Bailey, Catherine, and Jackson lie to the staff and tell them Harper was mightily impressed with Grey Sloan Memorial… though Jackson doesn’t exactly hide his disdain. (“I take special comfort knowing that he died… doing what he loved,” he says, pausing a little too long there.)

From one ho-co-pro to another

Jo and Alex’s romantic reunion — or at least sexual union — is still going full force. They’re taking every opportunity to make out, even snogging on the elevator to the ambulance bay. That’s where they part lips long enough to join April in treating Pete, a 16-year-old whose elaborate hot air balloon “ho-co-pro” (i.e. homecoming proposal) backfired when the balloon crashed.

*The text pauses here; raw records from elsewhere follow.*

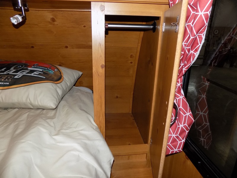 What I'd improve: The mattress is too hard to sleep on. We added a 3" foam pad, but it intrudes into the walking space around the end of the bed. It would be better if it had wood trim outside, instead of decals which were damaged in transport to the dealer. Also, we could also use a dealer in our area!9 years ago | Cherie B. from Kennewick, WA -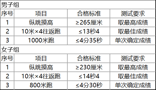 (1)体能测评项目及通过标准:纵跳摸高、10米×4往返跑、男子组1000米跑、女子组800米跑。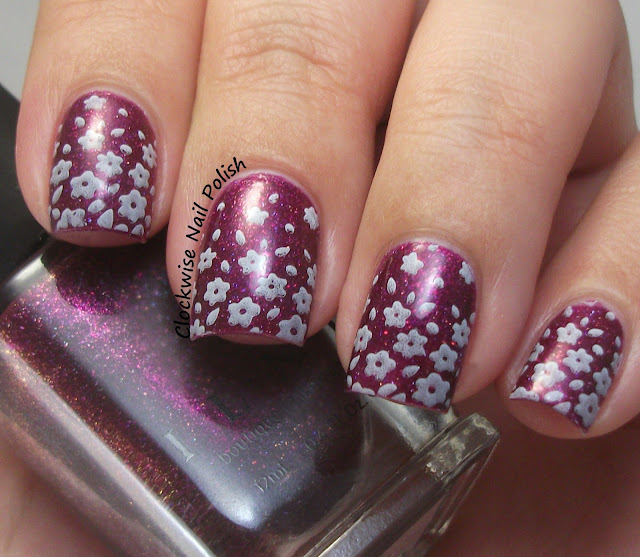 I honestly didn't have much time for Holiday nail arts this year, but I had to do something for this weekend. For the base I picked Purple Professional 49 (such a sweet color!). Then I stamped the design from Curali 013 stamping plate with BP YaQinAn Pink, DRK Nails Marrom Metálico and MdU Spring Green polishes.
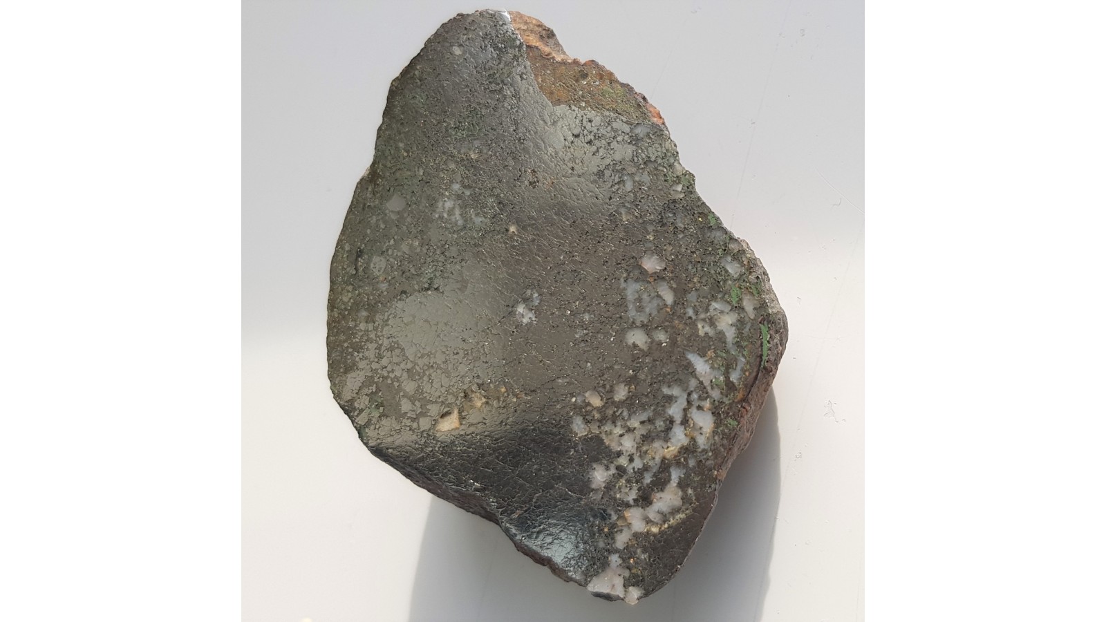 Bryłka masywnego arsenopirytu z dawnej kopalni rud Evelinensgluck w Czarnowie k. Kamiennej Góry. Obfita mineralizacja w żyle kwarcowej. Okaz polerowany jednostronnie. Strona przeciwna naturalna, nie cięta. Polecam.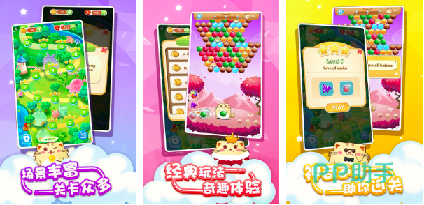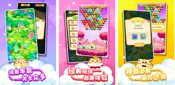 泡泡龙这种消除游戏相当经典,这款开心萌猫泡泡龙,不仅对经典玩法再度复刻,还加入了很多奇葩的爆炸特效,以及独特的消除玩法,为玩家解锁更多欢乐。辅助线系统,可以帮助玩家更加精准的进行泡泡发射。除此之外,游戏设计四种道具,对于手残党玩家来说,通关难度大大降低。丰富的场景地图,带来独一无二的视觉体验。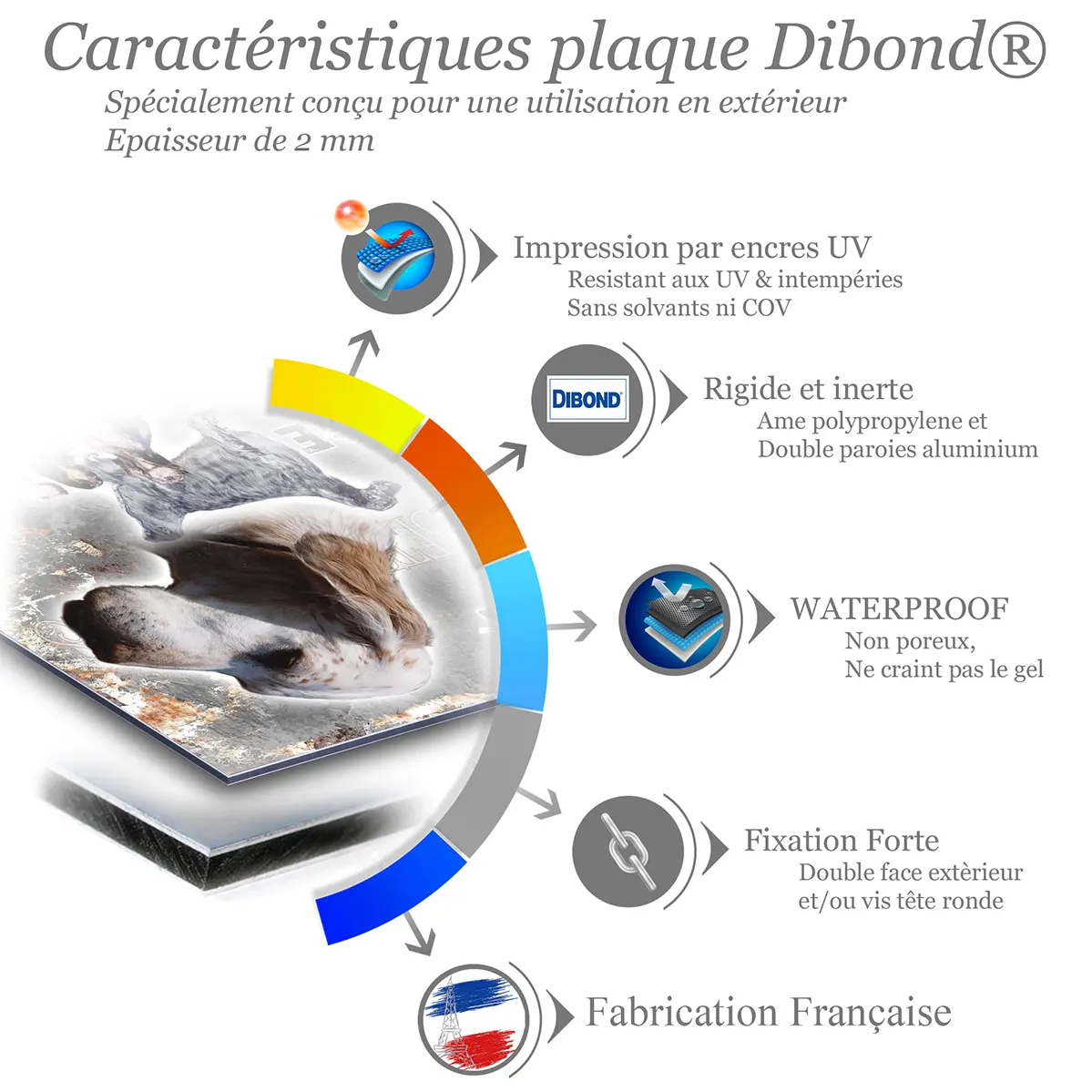 Oui, la plaque est fabriquée en aluminium Dibond de 2 mm et imprimée en UV. Elle ne craint ni la pluie, ni le soleil, ni le gel. Elle peut rester fixée dehors toute l’année sans perdre ses couleurs.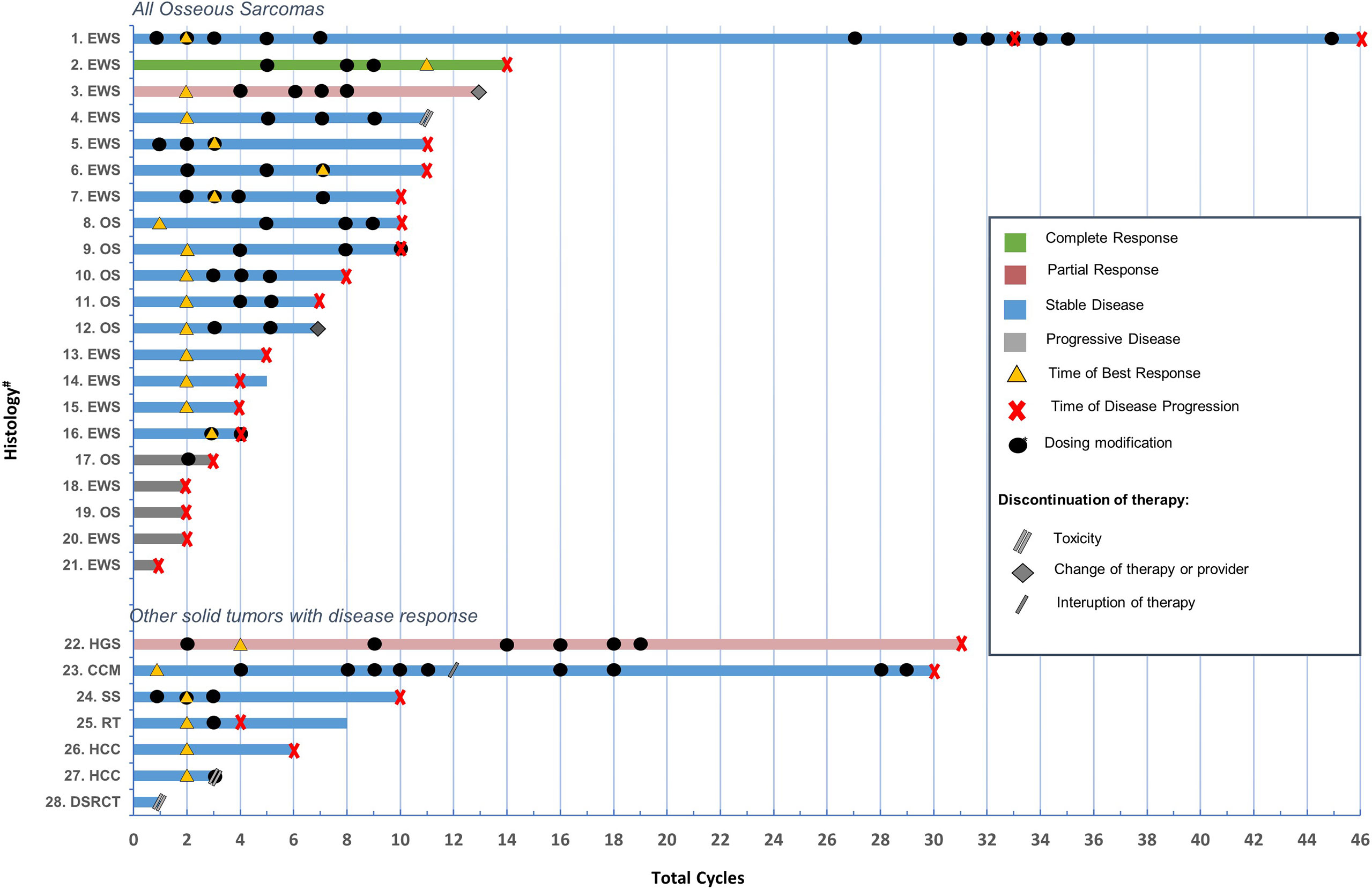 Conclusions: Intravenous bevacizumab combined with oral sorafenib and metronomic cyclophosphamide was tolerated and required minimal supportive care or additional clinic visits. Disease stabilization for prolonged time periods was observed in greater than half of the treated patients. Patients with bone sarcoma demonstrated a signal of activity suggesting possible benefit from incorporation of the therapy as a maintenance regimen in upfront setting, or as a palliative regimen.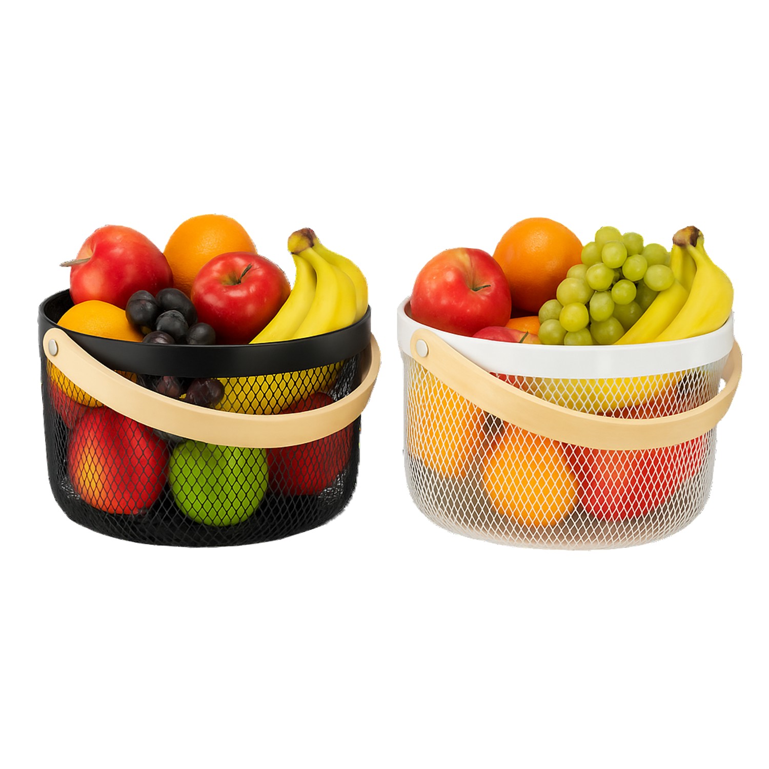 Круглая корзина для фруктов с ручкой.Материал: стальной каркас, деревянная ручкаРазмер: 25 x 25 x 17,5 смДоступны два цвета на выбор: белый и черный.

After Pete’s operation — in which Jo and Alex tease April about her very wholesome homecoming experience — Pete gets a visit from Jamie, the subject of his ho-co-pro. Jamie wants to see how he is, but she’s preoccupied with her newfound popularity and the hot upperclassman who’s suddenly interested. April gives her some sage advice, telling her to “say yes to the guy who rents out the ugly tux and the hot air balloon.” She even tells Jamie about how Paramedic Matthew arranged a flash mob to propose marriage… though she’s stymied when Jamie asks her if she married him. (Yeah, no, she literally ran away from the altar with Jackson.) Jamie later comes back to Pete’s with her own little helium balloon, and hooray, young love isn’t dead after all!

That night, in the hospital parking lot, Jo surprises Alex with a ho-co-pro of her own: She wants him to come home. He wants to, too, of course, and squeeee.

From labor pains to ecstasy

Meanwhile, Carina is still turning heads with her unconventional, orgasm-centric medicine. This time, she has an unusual suggestion for Ben and Arizona when their patient gets stuck in labor without the possibility of an epidural. She suggests “natural oxytocin” via “downstairs stimulation.” (“I beg your pardon?” Richard says. Says Carina, “It’s no mistake that God puts the G-spot in the birth canal.”) Arizona is scandalized, of course, but when the parents-to-be get desperate, she clues them in. And wouldn’t you know it, the idea works.

Later, when Bailey and Ben get home and Bailey complains about her sore feet and her wounded ego, Ben shows her what he learned about “natural pain relief.” Teehee!